Policy Aims

As part of the Nineteenth Century Reproductions Conference that Temple's humanities departments have been hosting, I saw a presentation by Victorianist Jay Clayton arguing for humanists' increased engagement with policy applications of their research. On one hand, he argued, humanists have something valuable to add to the public conversations that goes on in various . On the other hand, such venues can provide a funding stream that can elevate humanities scholarship in the eyes of increasingly corporatized administration. (I know "corporatized" is a slur that can be loosely tossed around - but I think most readers will know what I'm talking about.)

I had the feeling his suggestions were falling on polite but deaf ears. For my part, it's tough to parse out the extent that policy panels are formulated in good faith and the extent they render legitimacy to a reverse-engineered panel, say, of bio-ethicists chosen to match the impertives decided from the outset. More than lack of instrumentality of our disciplines keeps us marginalized from the public sphere. On top of this, it really takes imagination to fit humanities scholarship into a policy orientation. Perhaps we should have more imagination than we do; perhaps we should defend the value of non-instrumental scholarship.

At the very least, though, Clayton's paper made me wonder about a relative silence of film and media scholars in two policy issues that affect us profoundly: intellectual property and media regulation. True enough, scholars outside the humanities are weighing in on these topics, from the perspective of legal scholarship or social science. But we probably have something to contribute to the conversation. I can think of a couple of things stopping us from doing so.
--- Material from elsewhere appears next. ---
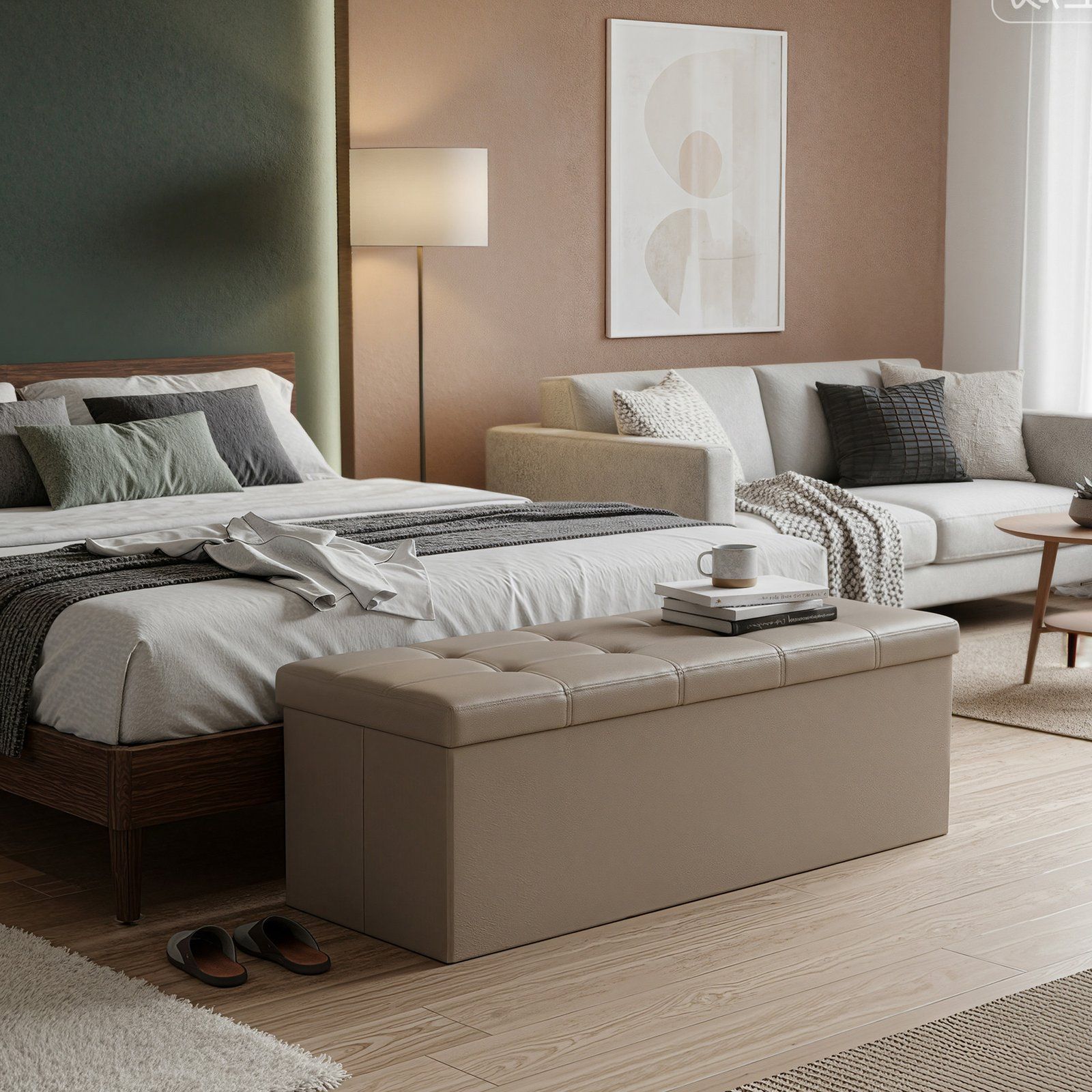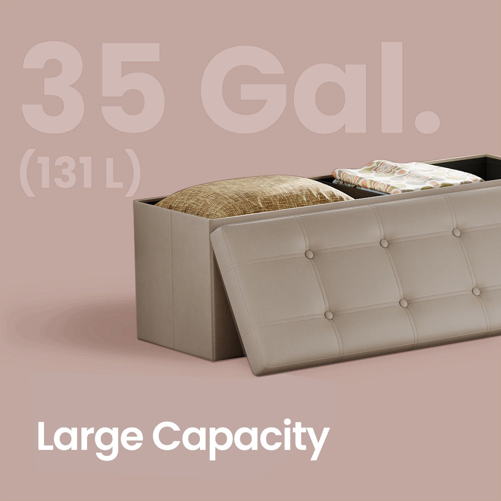 BRAMBLECREST Folding Storage Bench Ottoman Seat with Internal Storage - Camel Brown

First, as I mentioned, the policy "conversation" seems rigged. Intellectual property and media regulation in particular are seen as special interest political spoils. No one is going to listen to humanities academics for the same reason no one is going to listen to anyone not contributing campaign funds.

Second, our theories sometimes discount small-scale decisions in favor of a broad-brushstroke conception of ideological systems. Whereas individual scholars can be very engaged in particular political votes and decisionmaking, as a discipline we seem to have walled ourselves off from political science, law, and media economics. The big exception here is political economy approaches in television studies, but even here the tendency among humanists is to read political economy research as evidence that the media landscape is all doomed as corporate structure, rather than to imagine certain corporate practices as better than others, certain monopolistic configurations more beneficial than others.

Finally, as media scholars we need the good will of the culture industries. For all the times media companies' litigious nature hampers intellectual ferment (think of the difficulty of extracting and organizing media clips for pedagogical use), there are the many ways that private, profit-driven activity has its benefits, such as the creation of a home-video market with restored, digital versions of a wide selection of narrative films. It's hard to bite that hand that feeds your research.

For all the impediments, though, we could stand to reflect more thoroughly on what exactly our disciplinary knowledge - textual, theoretical, and historical - tells us about the two main policy battles over contemporary media culture.